2. Transfer of Promissory Notes Secured by Mortgages
The law of negotiable instruments developed over the centuries as a way to encourage commerce and lending by making such instruments, including negotiable mortgage notes, as liquid and transferable as possible. The UCC, with state-specific variations, in significant part governs the assignment and transfer of mortgage notes. Article 3 of the UCC applies to the negotiation and transfer of a mortgage note that is a “negotiable instrument,” as that term is defined in Article 3. In addition, Article 9 of the UCC applies to the sale of “promissory notes,” a term that generally includes mortgage notes.

In addition, as a general matter, the securitization of a loan under a typical pooling and servicing agreement provides both for the negotiation of negotiable mortgage notes (by indorsement and transfer of possession to the securitization trustee or the custodian for the trustee) and for an outright sale and assignment of all of the mortgage notes and mortgages. Thus, whether the mortgage notes in a given securitization pool are deemed “negotiable” (as we believe most typically are) or “non-negotiable” will have little or no substantive effect under the UCC on the validity of the transfer of the notes. The typical securitization process effects valid transfers of the mortgage notes and related mortgages in accordance with the provisions of Articles 3 and 9 of the UCC.
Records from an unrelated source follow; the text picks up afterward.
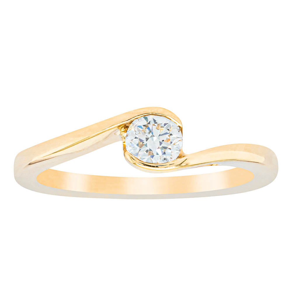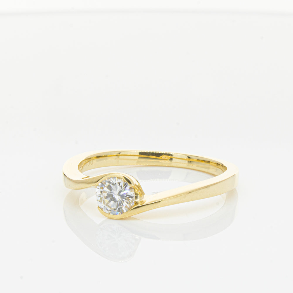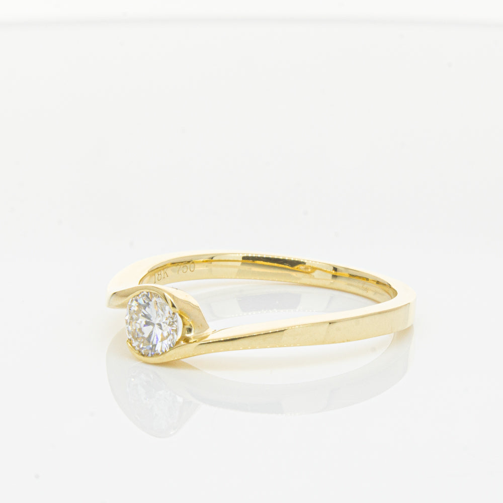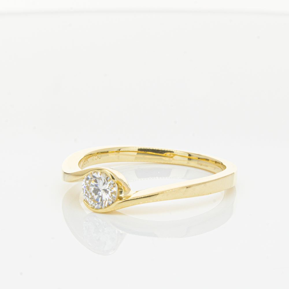 A unique solitaire style where the band embraces the sides of the diamond in a swirling motion. Crafted beautifully in 18ct yellow gold this piece boasts a stunning round brilliant cut .30ct centre diamond. Your eyes will light up when you see this beautiful ring!
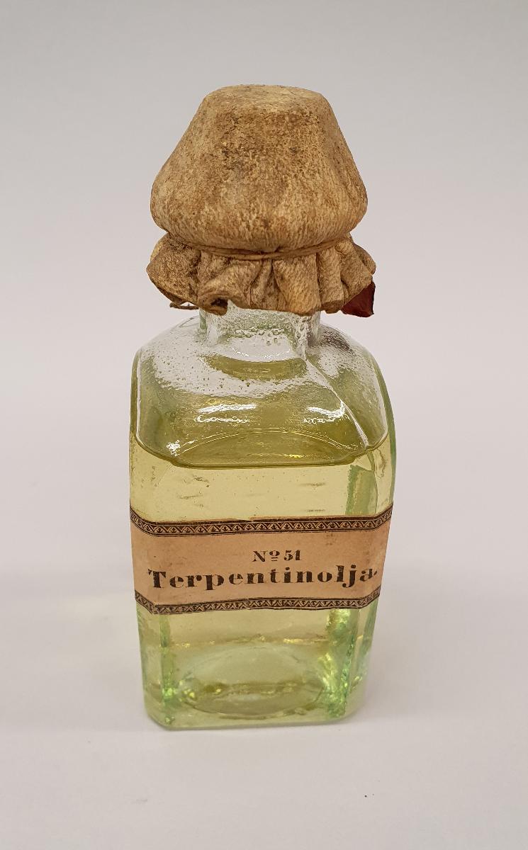 Liten fyrkantig flaska med tydlig etikett märkt No: 51 Terpentinolja , korken omsluten med sämskskinn och snöre plomberat med rött lacksigill från Hjortens apotek. ljust gul vätska.
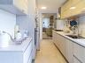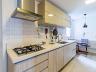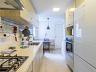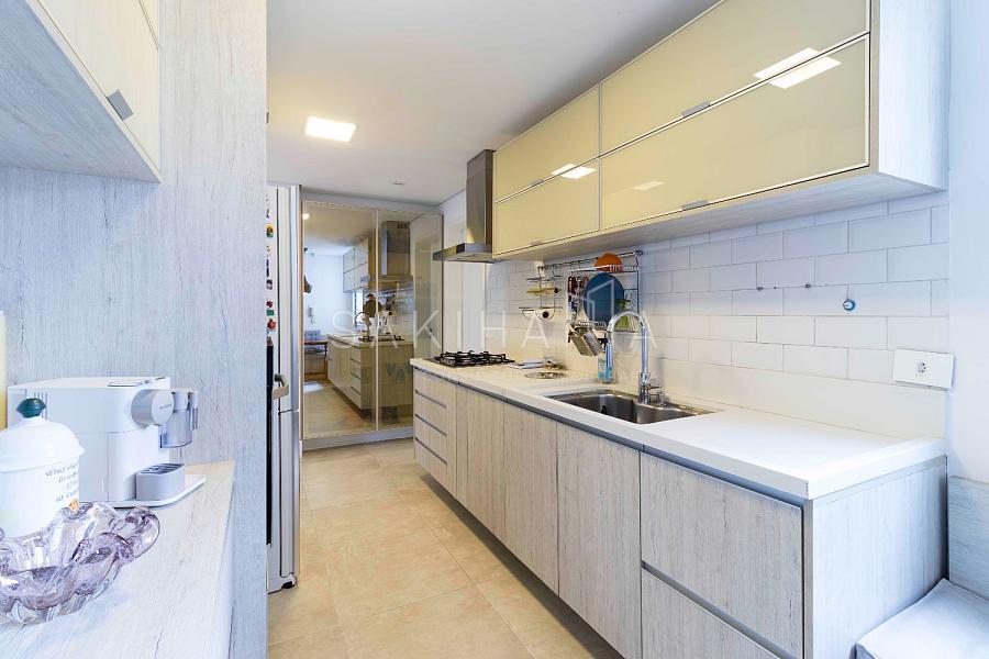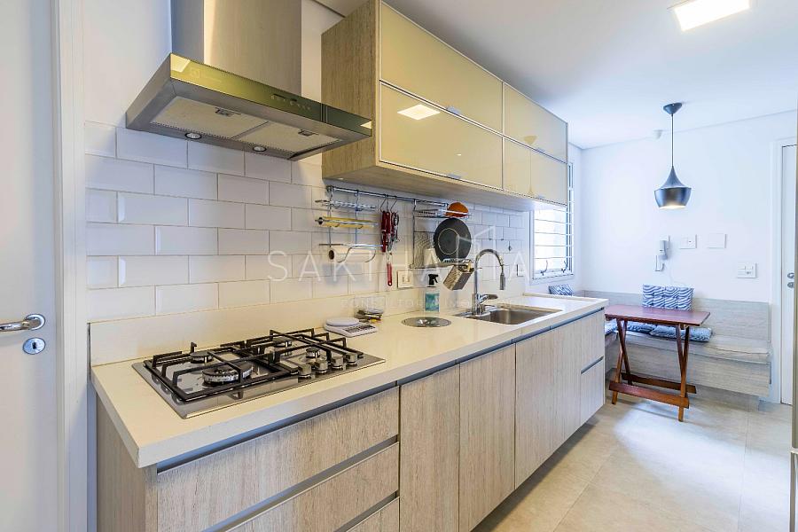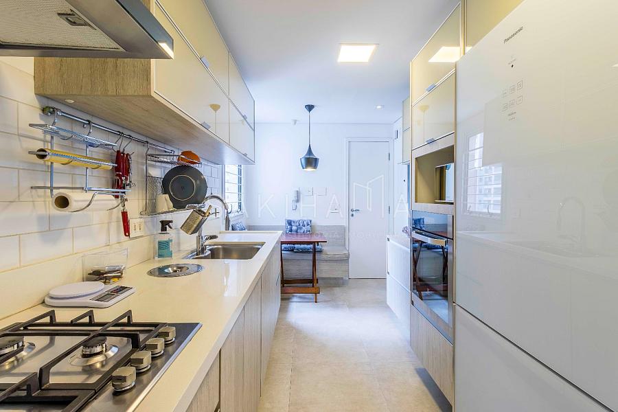 Cozinha com muitos armários, apoio de copa, janela dando maior luminosidade e ventilação no ambiente.
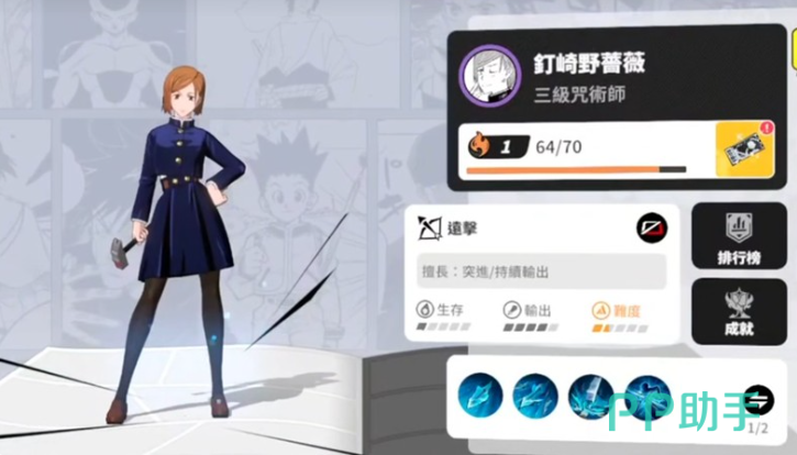 钉崎野蔷薇同样是射手阵营中的代表角色,她的普攻极具特色,会向着前方扇形区域一次性发射出三颗尖锐的钉子,每颗钉子都能准确地命中敌人,造成伤害的同时,还会附加一层特殊的负面效果,随着普攻不断地命中敌人,这些负面效果会逐渐叠加,经过一段时间后会自动引爆,根据层数的不同,造成的伤害也各不相同,她的咒力冲刺技能让她能够朝着前方快速冲刺一段距离,迅速拉近与敌人的距离或是调整自己的站位,而共鸣技能是会向前方发射一颗钉子,一旦成功命中目标,便会在敌我之间生成一个诡异的巫毒娃娃,将双方属性相连,此后她对娃娃造成的伤害以及被动叠层的效果都会直接传递给被连接的目标,并且中招的敌人还会受到持续3秒的减速效果。
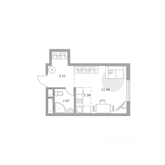 Продаётся студия 21, площадью 22,99 м², на 3 этаже в ЖК "Аникеевский" корпус 1.2. Стоимость — от 6192801 руб. Квартира с отделкой, планировка односторонняя, окна во двор.
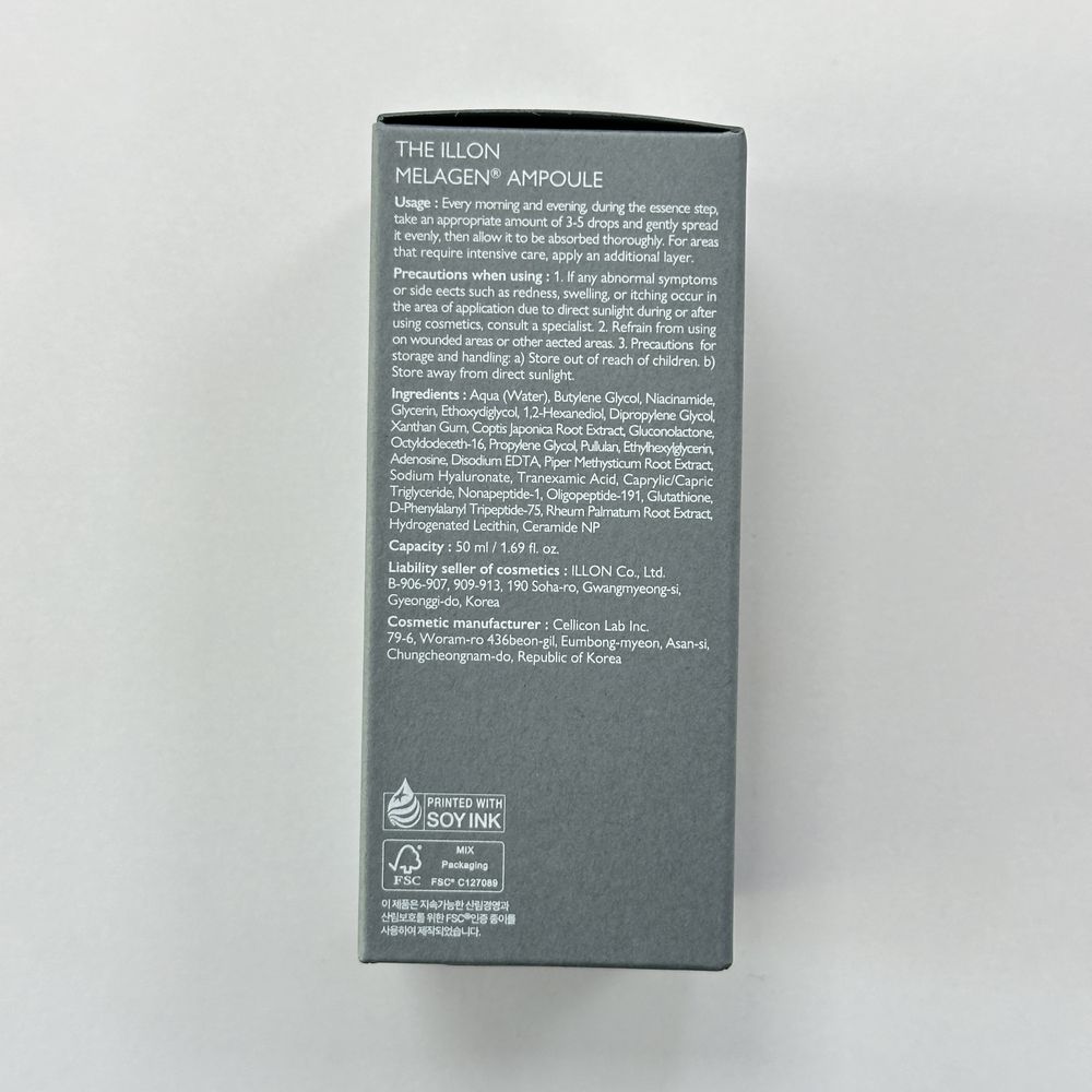 Осветляющая ампула премиум-уровня для яркого сияния кожи даже без фильтров. Профессиональная формула ингибирует синтез меланина, что напрямую помогает уменьшить существующую пигментацию (пятна, постакне, мелазму), выровнять тон и в целом сделать кожу светлее и сияющей. Инновационная технология доставки активных компонентов DermiShuttle™ обеспечивает стимуляцию кожи и доставку активных веществ в дерму без чрезмерной травматизации. В составе THE iLLON Melagen Ampoule содержится запатентованный ингредиент Demelaxyl™, который демонстрирует наивысшую эффективность в подавлении меланогенеза, улучшает состояние тусклой, пигментированной и возрастной кожи.
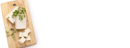 Tofu on wooden plate top view, isolated white background. Panorama
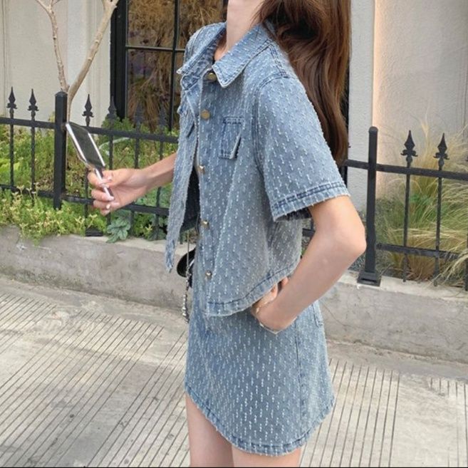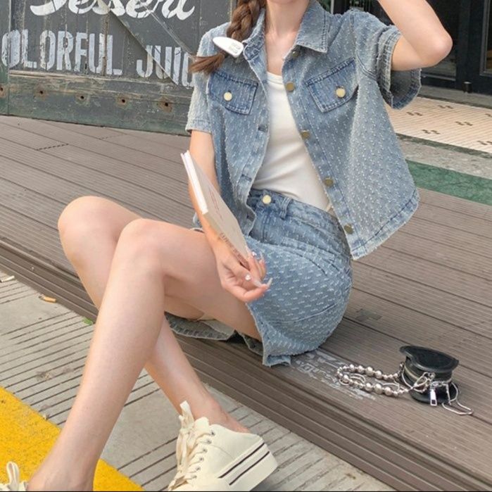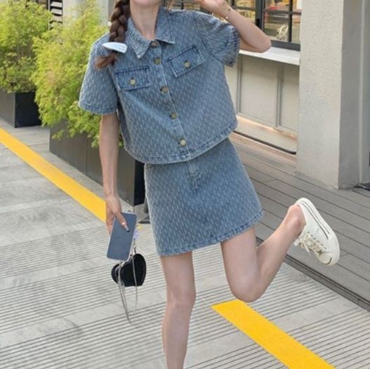 全体に散りばめられた柄が特徴的なデニムセットアップで、夏のお出かけにぴったりのアイテムです。
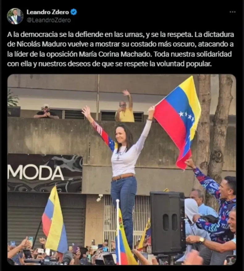 El gobernador de Chaco, Leandro Zdero, manifestó su rechazo y su apoyo a la líder opositora venezolana María Corina Machado, quien fue secuestrada por agentes del régimen de Nicolás Maduro.
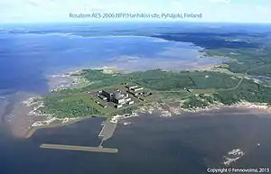 The Hanhikivi Nuclear Power Plant (Finnish: Hanhikiven ydinvoimalaitos, Swedish: Hanhikivi kärnkraftverk) is a nuclear power plant proposed for construction on the Finnish Hanhikivi peninsula, in the municipality of Pyhäjoki. It was planned to house one Russian-designed VVER-1200 pressurised water reactor, with a capacity of 1200 MW.[2][3] It was estimated that the reactor would supply 10% of Finland's energy demand by 2024.[4] The power company Fennovoima announced in April 2021 that construction of the plant would begin in 2023 and commercial operation would start in 2029.[1] In May 2022, Fennovoima terminated its contract with Rosatom to build the power plant.[5]
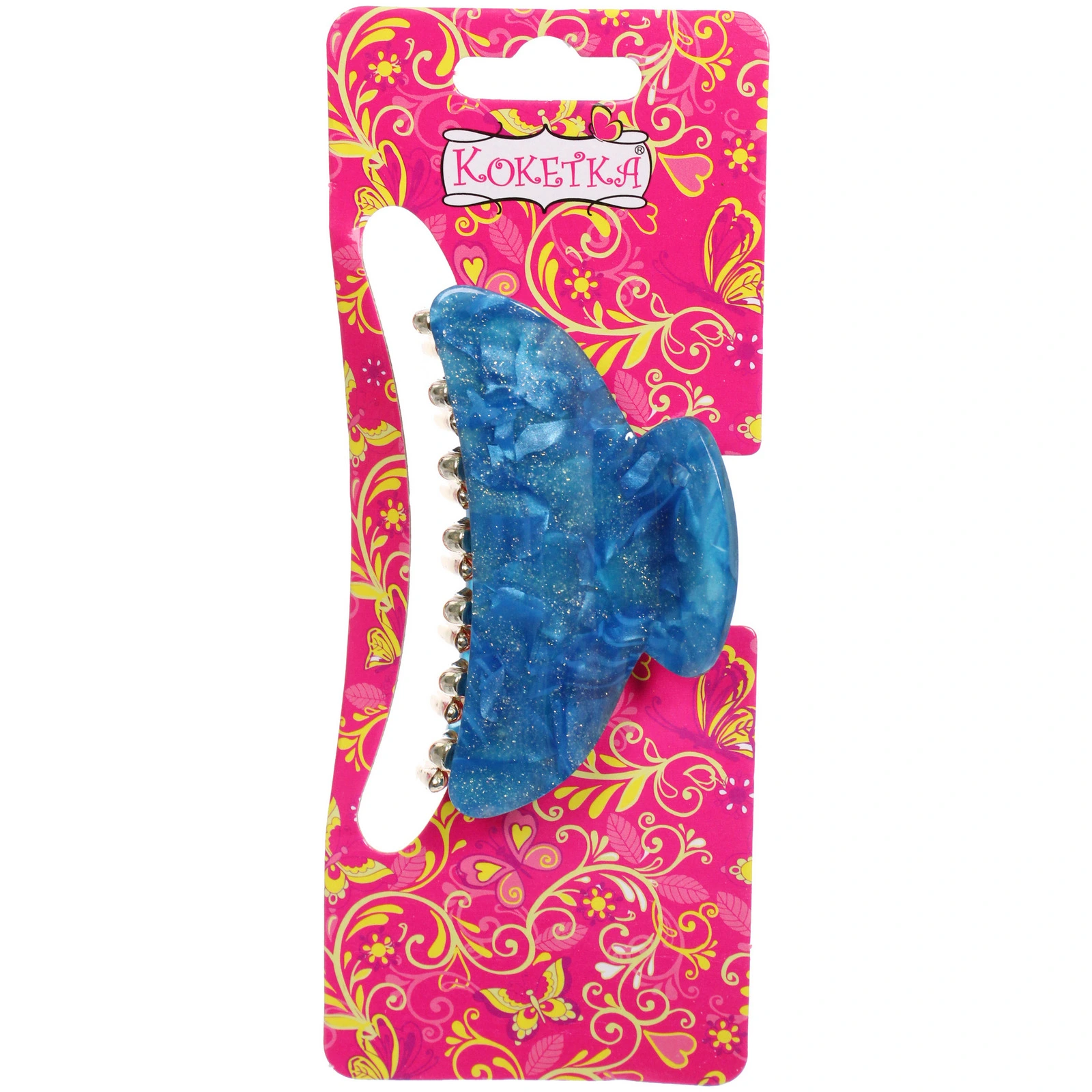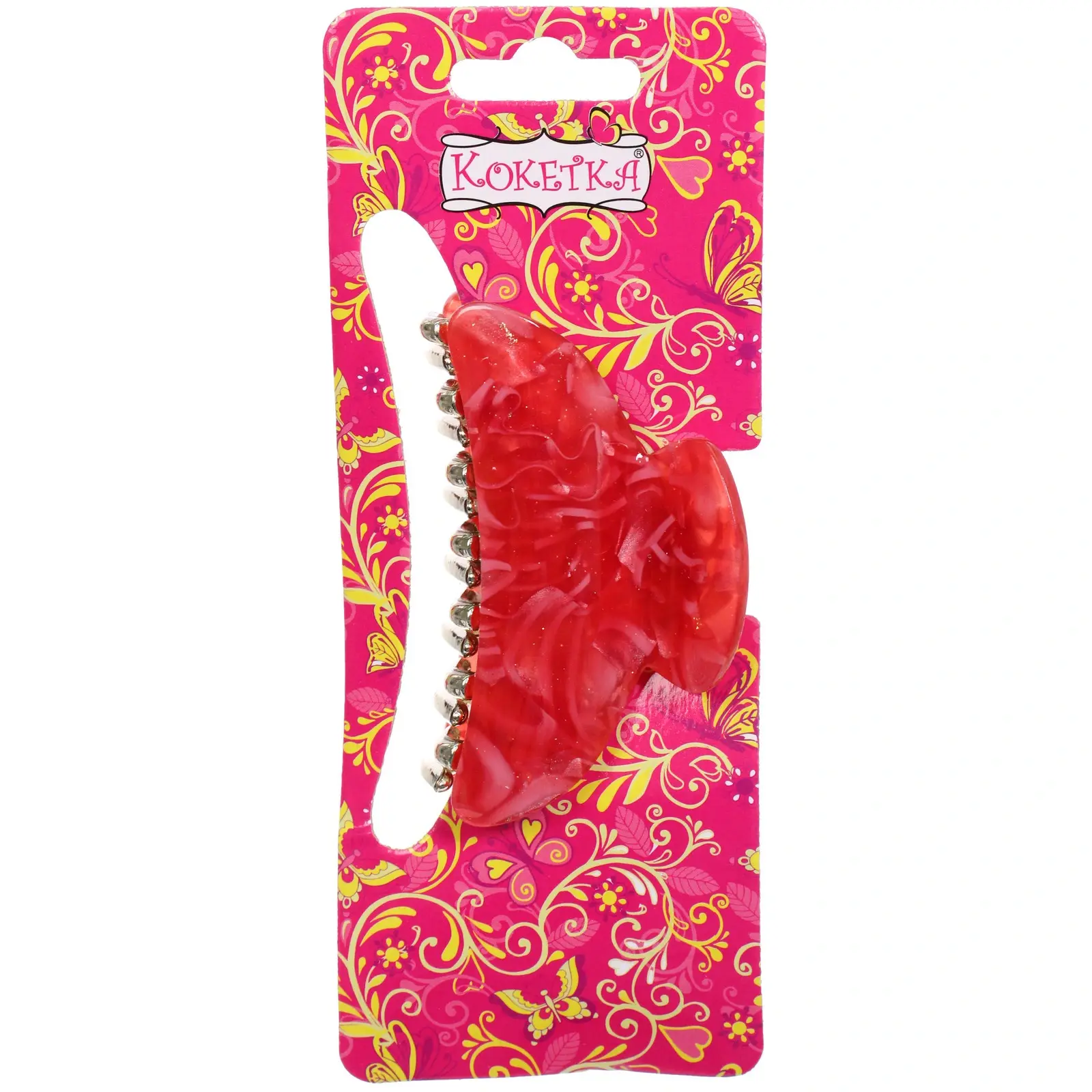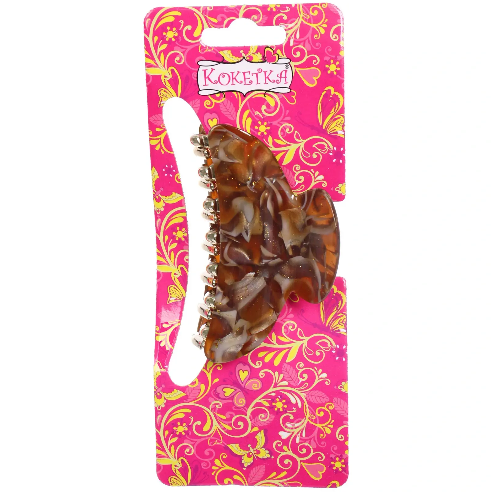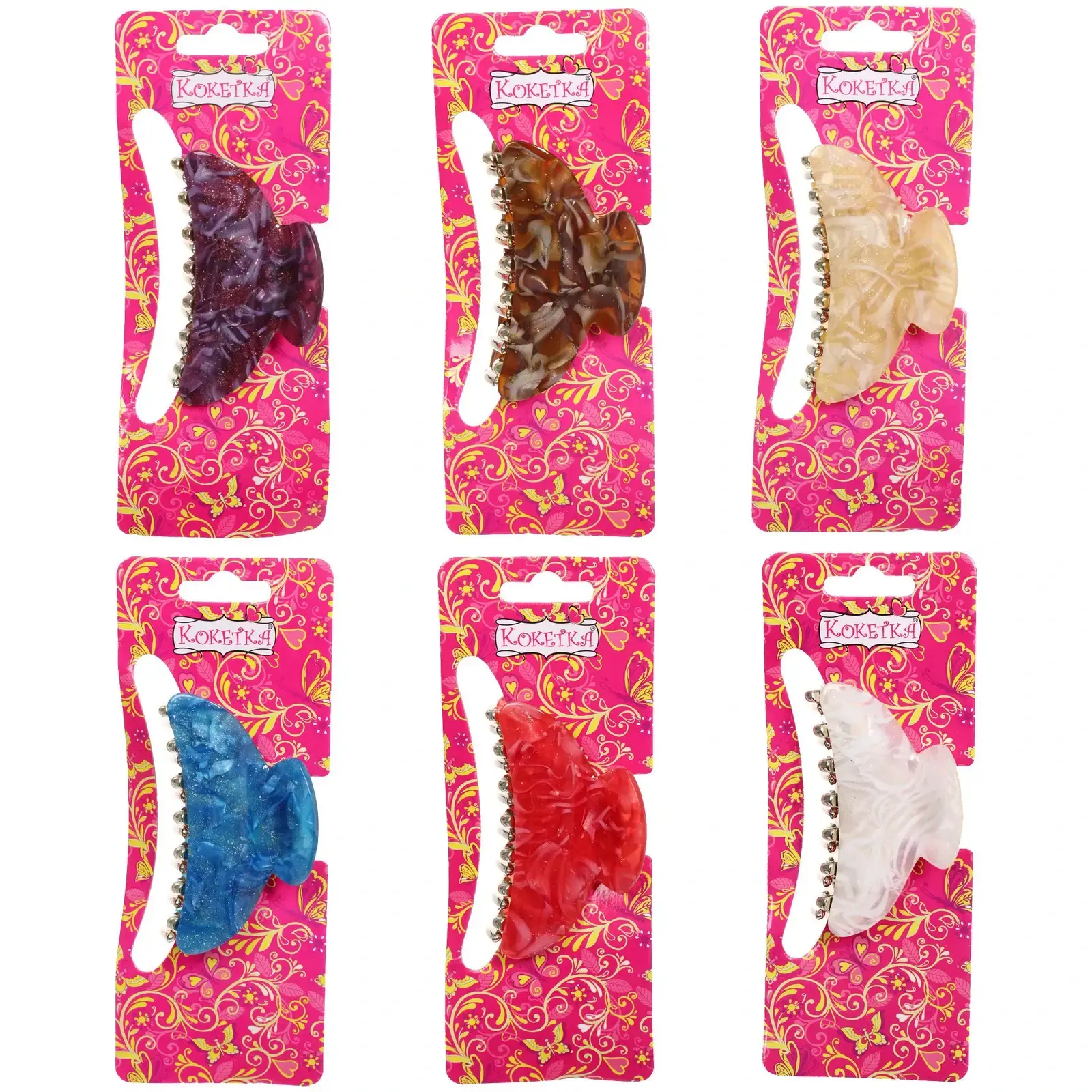 Заколка выполнена из качественных материалов: прочного пластика и металла, что гарантирует долговечность и надежность. Полупрозрачные цвета с характерными узорами добавляют изюминку и делают заколку стильным аксессуаром. Удобная форма с закругленными краями обеспечивает комфортное ношение, не травмируя кожу головы.

Under the UCC, the transfer of a mortgage note that is a negotiable instrument is most commonly effected by (a) indorsing the note, which may be a blank indorsement that does not identify a person to whom the mortgage note is payable or a special indorsement that specifically identifies a person to whom the mortgage note is payable, and (b) delivering the note to the transferee (or an agent acting on behalf of the transferee). As residential mortgage notes in common usage typically are “negotiable instruments,” this is the most common method to transfer the mortgage note. In addition, even without indorsement, the transfer can be effected by transferring possession under the UCC. Moreover, the sale of any mortgage note also effects the transfer of the mortgage under Article 9. Securitization agreements often provide both for (a) the indorsement and transfer of possession to the trustee or the custodian for the trustee, which would constitute a negotiation of the mortgage note under Article 3 of the UCC and (b) an outright sale and assignment of the mortgage note. Thus, regardless of whether the mortgage notes in a securitization trust are deemed “negotiable” or “non-negotiable,” the securitization process generally includes a valid transfer of the mortgage notes to the trustee in accordance with the explicit requirements of the UCC.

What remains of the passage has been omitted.